** Task **
Return the line containing "Other relevant information" and every line beneath it through the end of the entries below, unchanged. Pictures stay out.

(Data records)
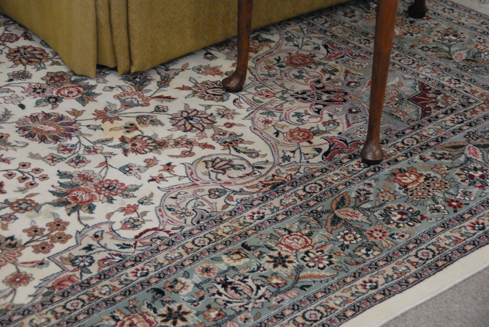 Room size blue and white Oriental rug, 9’2 x 12’2.
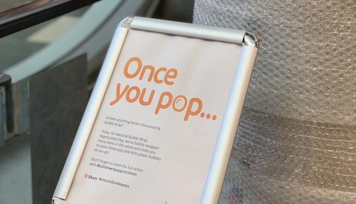 Visitors ‘pop’ into intu Milton Keynes for Bubble Wrap Appreciation Day
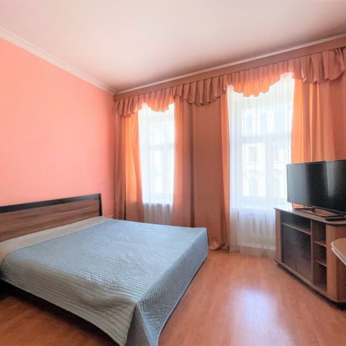 Полностью оборудованные апартаменты подходят для комфортного проживания до 6 человек. Спальные места включают 2 двуспальные кровати и 2 раскладных двуспальных дивана. В санузле — душевая кабина, туалет, раковина, зеркало и фен. В апартаментах предусмотрены: высокоскоростной Wi-Fi, ЖК-телевизор, стиральная машина, утюг, гладильная доска и сушилка. На кухне есть все необходимое для готовки и мытья посуды — микроволновая печь, плита, холодильник, чайник, вытяжка, набор посуды.
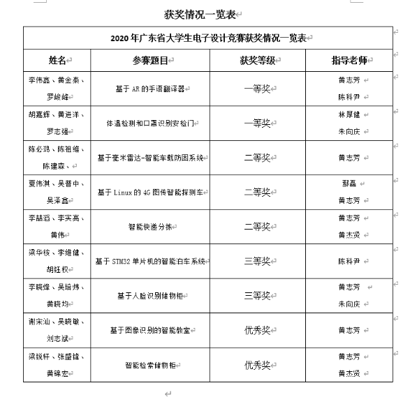 日前,由广东省教育厅主办、华南理工大学承办的“5G-AI”专题2020年广东省大学生电子设计竞赛在佛山举行。我校yl6809永利官网集团选拔的9支队伍参加了比赛,师生同心协力,在比赛中荣获一等奖2项,二等奖3项,三等奖2项的好成绩,获奖等级和获奖数量位居同层次院校前列。
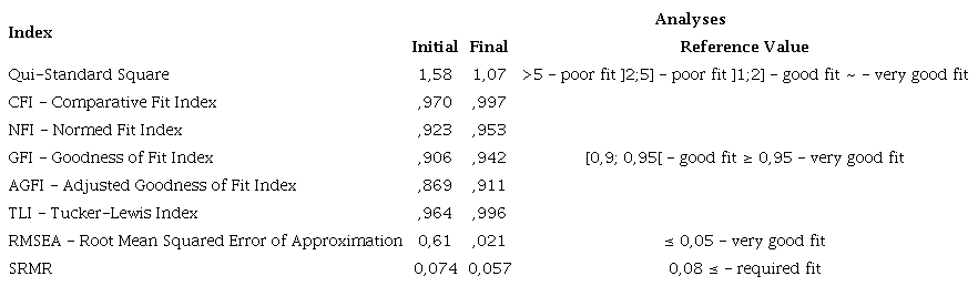 Other relevant information refers to the adjustment indexes, which met the recommended level, according to the reference values indicated by Marôco (2010) and Hair et al. (2015). Table 5 presents the model's initial and final indicators, according to the data extracted by the Confirmatory Factor Analysis, as well as the values adopted as reference.
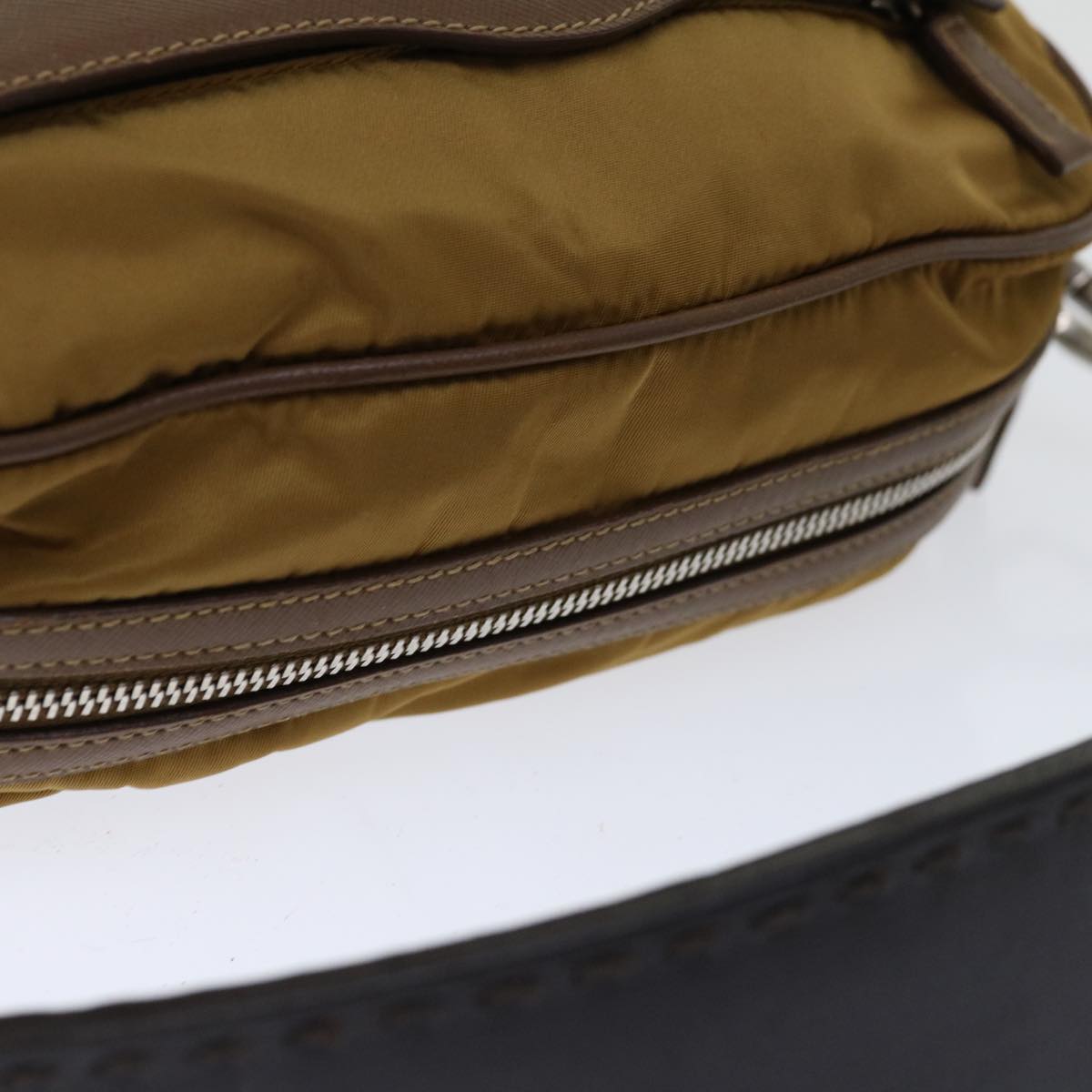 Brand: Prada Model: Tessuto Color: Brown Material: Synthetic Inclusions: / Dimensions: W24cm x H17cm x D8cm/ Shoulder Drop:20cm Serial number: 58 Country of origin: Italy Condition: AB - good condition. The Prada Tessuto shoulder bag in brown nylon embodies casual elegance and sophisticated practicality. With its terracotta color and durable nylon material it perfectly blends style and functionality. Its sleek design and quality finishes reflect Prada's signature craftsmanship. Spacious and well-organized this shoulder bag offers ample space for your daily essentials while its adjustable shoulder strap ensures comfortable carrying. On the outside there's slight deformation with lightly rubbed corners while the shoulder strap also shows light rubbing. Inside there are a few traces of rubbing accompanied by a storage odor. We recommend that you look at all the pictures before making your purchase to ensure that you are satisfied with the condition of the item.
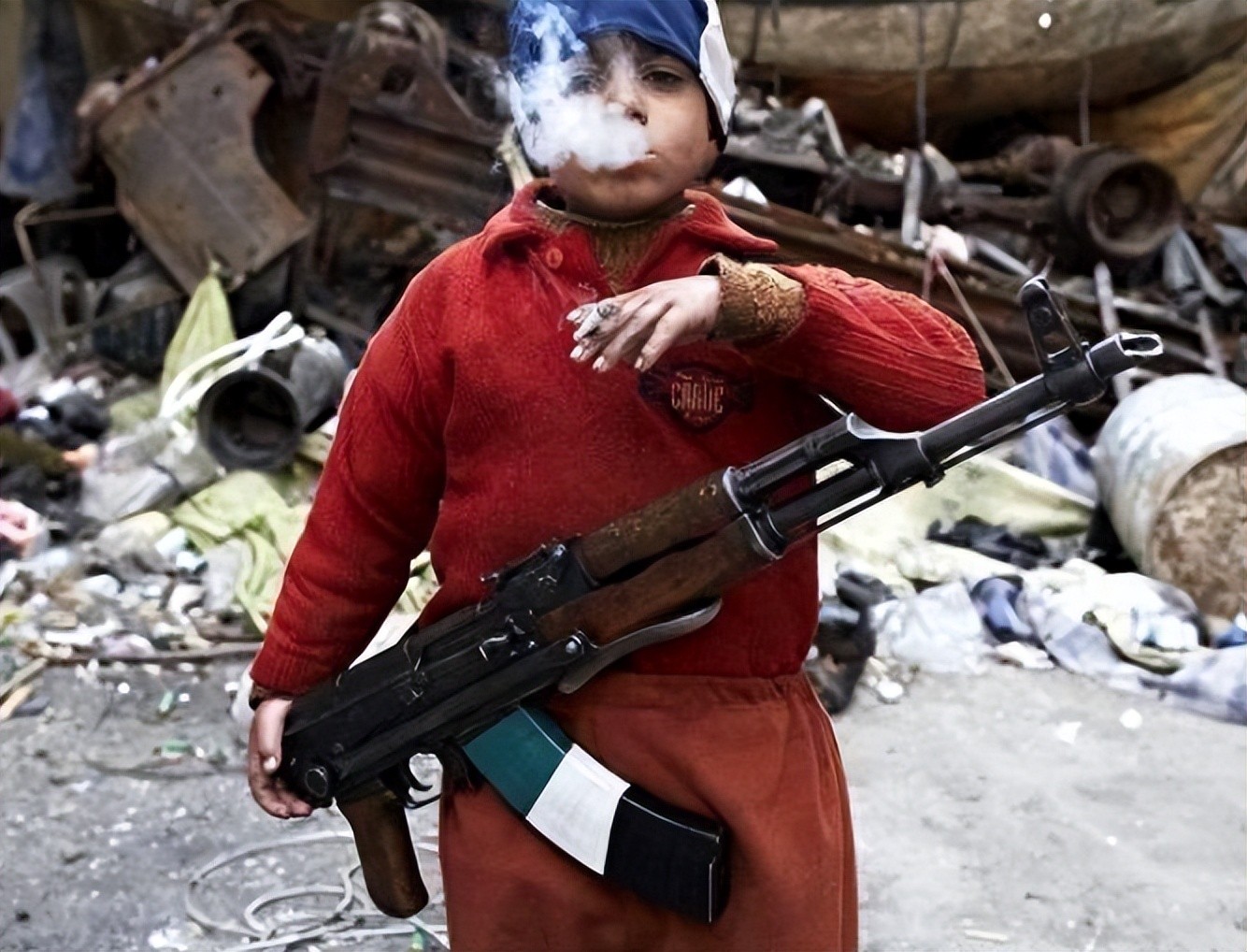 第九个:叙利亚的一名7岁的小男孩儿,本应该天真无邪的年纪,战争却让他早早成长,变成了大人模样。
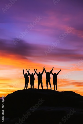 silhouette, sunset, celebration, friendship, teamwork, joy, adventure, happiness, travel, oneness, nature, mountain, colorful sky, group, lifestyle, achievement, excitement, exploration, evening light, calmness, harmony, freedom, peak, iconic, togetherness, camaraderie, scenic view, fun, standing, anticipation, journey, leisure, wildness, health, diversity, inspirational, love, bonding

** Completed task **
 Other relevant information refers to the adjustment indexes, which met the recommended level, according to the reference values indicated by Marôco (2010) and Hair et al. (2015). Table 5 presents the model's initial and final indicators, according to the data extracted by the Confirmatory Factor Analysis, as well as the values adopted as reference.
 Brand: Prada Model: Tessuto Color: Brown Material: Synthetic Inclusions: / Dimensions: W24cm x H17cm x D8cm/ Shoulder Drop:20cm Serial number: 58 Country of origin: Italy Condition: AB - good condition. The Prada Tessuto shoulder bag in brown nylon embodies casual elegance and sophisticated practicality. With its terracotta color and durable nylon material it perfectly blends style and functionality. Its sleek design and quality finishes reflect Prada's signature craftsmanship. Spacious and well-organized this shoulder bag offers ample space for your daily essentials while its adjustable shoulder strap ensures comfortable carrying. On the outside there's slight deformation with lightly rubbed corners while the shoulder strap also shows light rubbing. Inside there are a few traces of rubbing accompanied by a storage odor. We recommend that you look at all the pictures before making your purchase to ensure that you are satisfied with the condition of the item.
 第九个:叙利亚的一名7岁的小男孩儿,本应该天真无邪的年纪,战争却让他早早成长,变成了大人模样。
 silhouette, sunset, celebration, friendship, teamwork, joy, adventure, happiness, travel, oneness, nature, mountain, colorful sky, group, lifestyle, achievement, excitement, exploration, evening light, calmness, harmony, freedom, peak, iconic, togetherness, camaraderie, scenic view, fun, standing, anticipation, journey, leisure, wildness, health, diversity, inspirational, love, bonding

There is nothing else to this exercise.